Personnel Hygiene Services & Ors v Rentokil & Anor (2014)

This case operates as a warning to all those who enter into confidentiality agreements, that the obligation of confidence arising under such agreements may well continue even if subsequent agreements make no mention of it and moreover, that the courts are prepared to enforce the confidentiality obligation by way of injunction.
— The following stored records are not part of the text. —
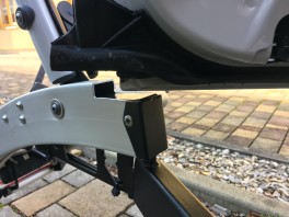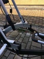 Der Atera Strada DL 3 ist für bis zu drei Räder geeignet, jedoch kann man am Kastenwagen ohnehin nur die vorderen beiden Schienen nutzen, da sonst die Türen am hinteren Rad hängen bleiben. Außerdem sind die Fahrradlenker (zumindest bei unseren MTB) so breit, dass sie am Heck anschlagen würden. Also entfernte ich die entsprechenden Halterungen für das dritte Rad.
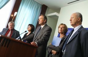 Predsedniški program so Danilu Türku pomagali pisati tudi nekdanji eldeesovski kulturnik Tone Partljič (od leve), predavateljica Ljubica Jelušič, nekdanja ustavna sodnica Dragica Wedam-Lukič in akademik Vito Türk. (Foto: Sta)
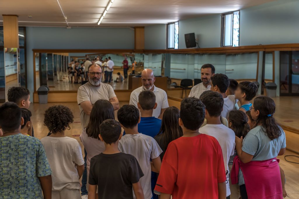 A las once de la mañana, ya con el gorro, las gafas y las cholas puestas, todo preparado para entrar en la piscina de la Unión, un grupo de chiquillos se encuentra con una visita sorpresa, el alcalde, Francisco García, el concejal de Deportes, Julio Ojeda y el edil de Servicios Públicos, José Miguel Vera, visitan el campus de verano para interesarse por su desarrollo y preguntarles si tienen propuestas para próximos años. A esta hora de la mañana toca piscina, pero en lo que queda de julio y también en agosto, hay tiempo para otras muchas actividades como lucha canaria, fútbol, baloncesto, atletismo, talleres de reciclaje, manualidades, cuenta cuentos… Los campus de verano en Santa Lucía de Tirajana son una oportunidad para mantener la actividad física, el deporte y los hábitos saludables, pero también para divertirse y para que madres y madres puedan tener conciliación laboral.
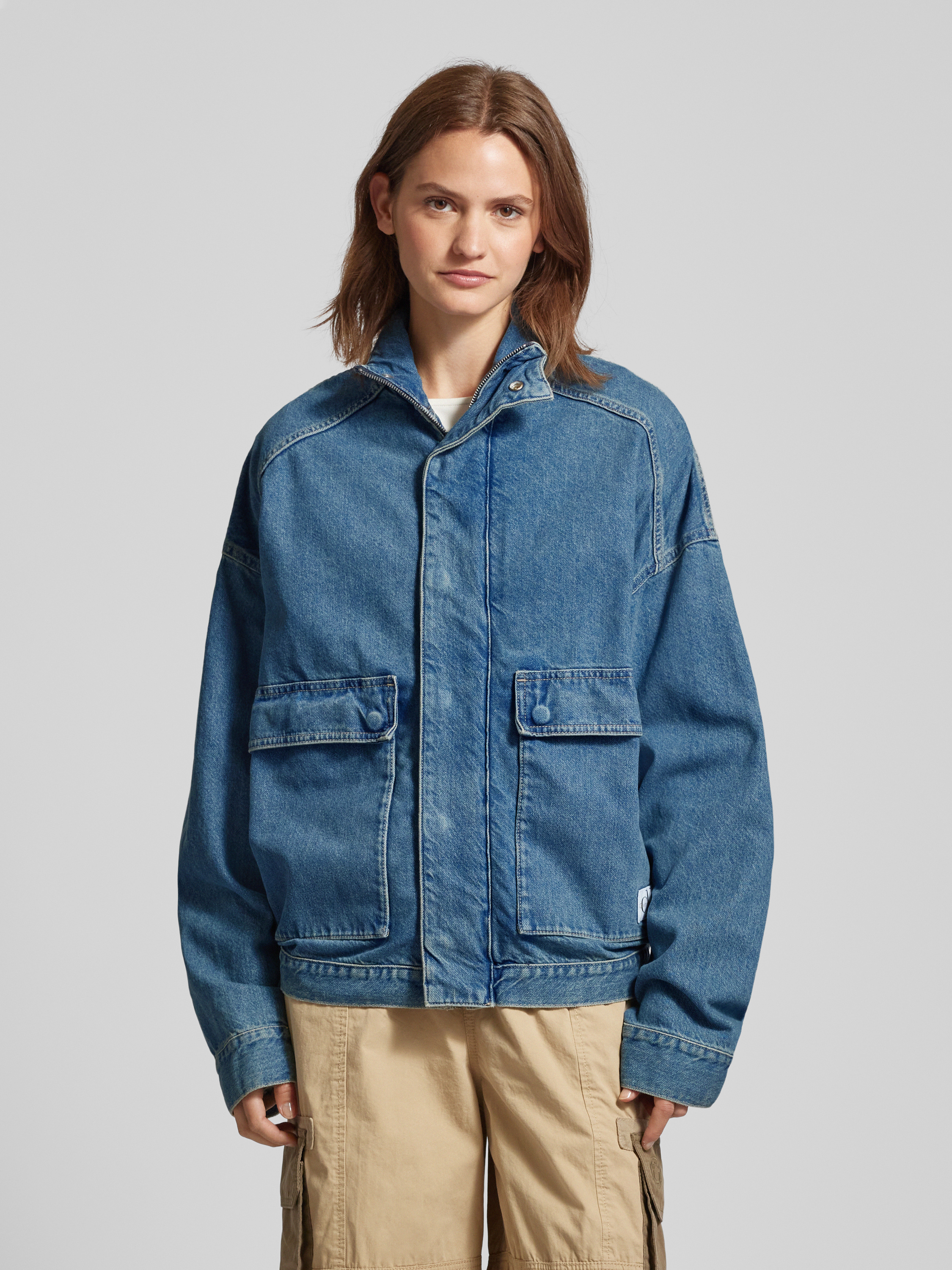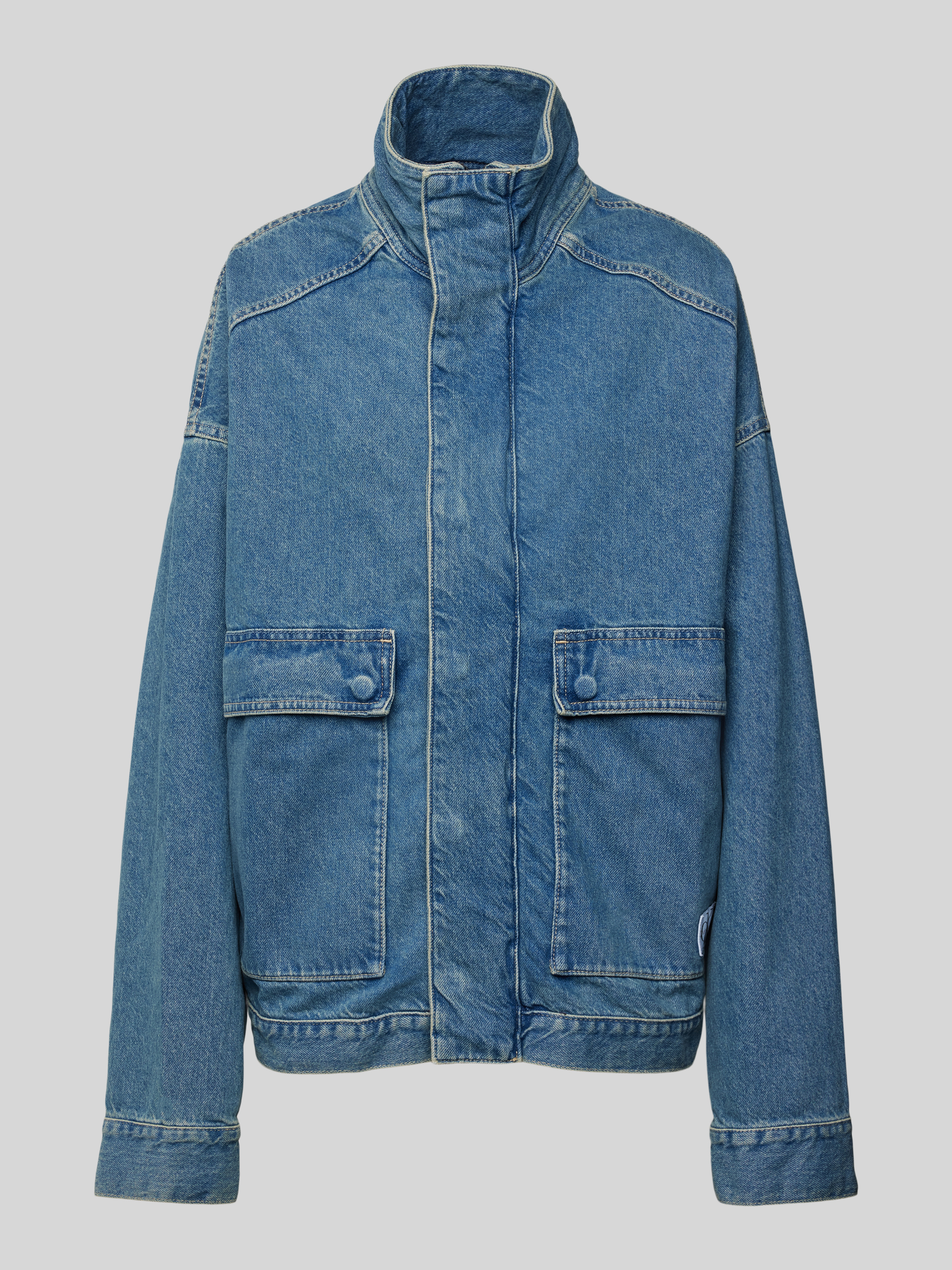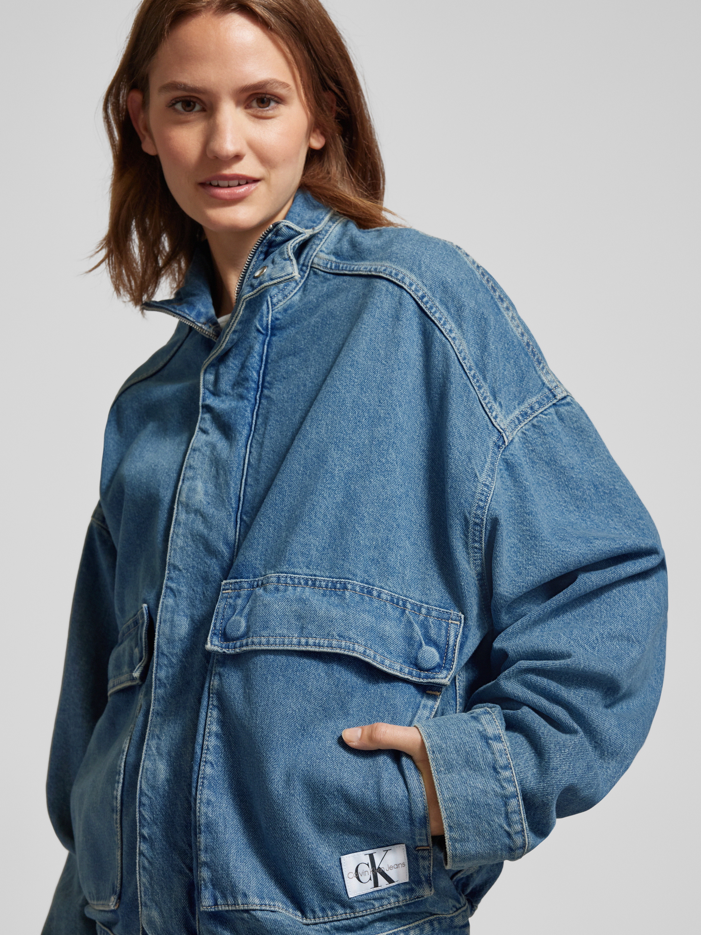 Die Jeansjacke mit Label-Patch Modell 'EASY' von Calvin Klein Jeans aus reiner Baumwolle fällt durch den lockeren Schnitt und überschnittene Schultern auf. Durch den Stehkragen und die aufgesetzten Eingrifftaschen entsteht ein entspanntes Gesamtbild. Damit eignet sich das Modell für vielseitige Kombinationen.

A clinical waste services business, UKH, had provided Rentokil, as potential sub-contractor, with confidential information and Rentokil signed a confidentiality agreement providing that the agreement applied whether or not the parties entered into business with each other.

Clause 4: “The Confidential Information shall be held by the party to whom it is disclosed in complete and strict confidence and shall not be disclosed or used for any purposes other than the Authorised Purposes without the prior written consent of the other party. In no event shall the Confidential Information (or any part thereof) be used to the detriment of the other party.

Clause 5: The terms and conditions contained in this Agreement shall continue to apply whether or not the Parties conclude an agreement for joint participation in the Business.

Rentokil’s subsequent contract with UKH did not restrain Rentokil from competing with UKH after its termination.  Nor did it contain any express term controlling the use of confidential information. When another company, Personnel Hygiene Services Ltd, bought UKH, it terminated UKH’s subcontract with Rentokil. Using confidential information provided by UKH, Rentokil contacted UKH’s customers to invite them to transfer to Rentokil. Rentokil appealed against the injunction which was granted restraining it from using that confidential information, arguing that it had not obtained a head start by its use of the confidential information and   that damages was an appropriate remedy.

The Court of Appeal found that Rentokil had had a head start in comparison with the position it would have been  in if it had not made improper use of the confidential information. Critically, the duty of confidence continued to bind Rentokil as a result of clause 5 of the confidentiality agreement that it had entered into with UKH. This obligation applied to information regarding new customers as much as to existing customers. The Court concluded that a reasonable person would not hesitate to reach this conclusion. The Court observed that the omission to obtain a fresh covenant (to restrain use of the confidential information) did not preclude separate enforcement of this duty of confidence. Nor was it wrong to enforce Rentokil’s confidentiality obligation by injunction. There was a real risk that, if no injunction was granted, Rentokil would continue to use the confidential information to target customers.

The Court commented that if “the claimants were left to a remedy in damages, they would be faced with inevitable and obvious problems in proving their case in respect of any customer they claimed had been diverted from them by reason of the wrongful use of the confidential information; and a loss of customers would also be damaging to PHS’s goodwill, being damage which would be hard to measure”.